Exercise details: Line by line, return the listing exactly, without any of the images.

Available data:
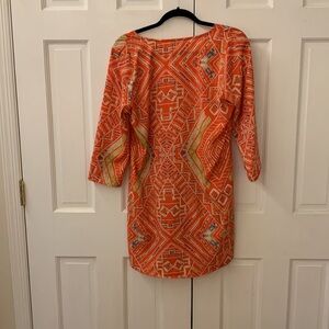 Silk like tunic. Signs of wear. Cute easy summer dress. Made in the USA
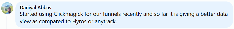 “I've used lots of different tracking tools in the past, and nothing compares to ClickMagick. It's got an extremely easy to
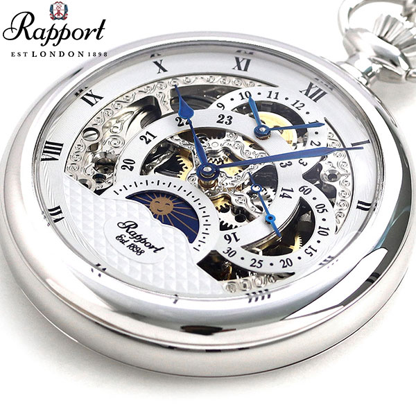 【15日は全品5倍でポイント最大27倍】 ラポート 懐中時計 デュアルタイム サン&ムーン オープンフェイス イギリス製 手巻き PW43 シルバー 時計

Output:
 Silk like tunic. Signs of wear. Cute easy summer dress. Made in the USA
 “I've used lots of different tracking tools in the past, and nothing compares to ClickMagick. It's got an extremely easy to
 【15日は全品5倍でポイント最大27倍】 ラポート 懐中時計 デュアルタイム サン&ムーン オープンフェイス イギリス製 手巻き PW43 シルバー 時計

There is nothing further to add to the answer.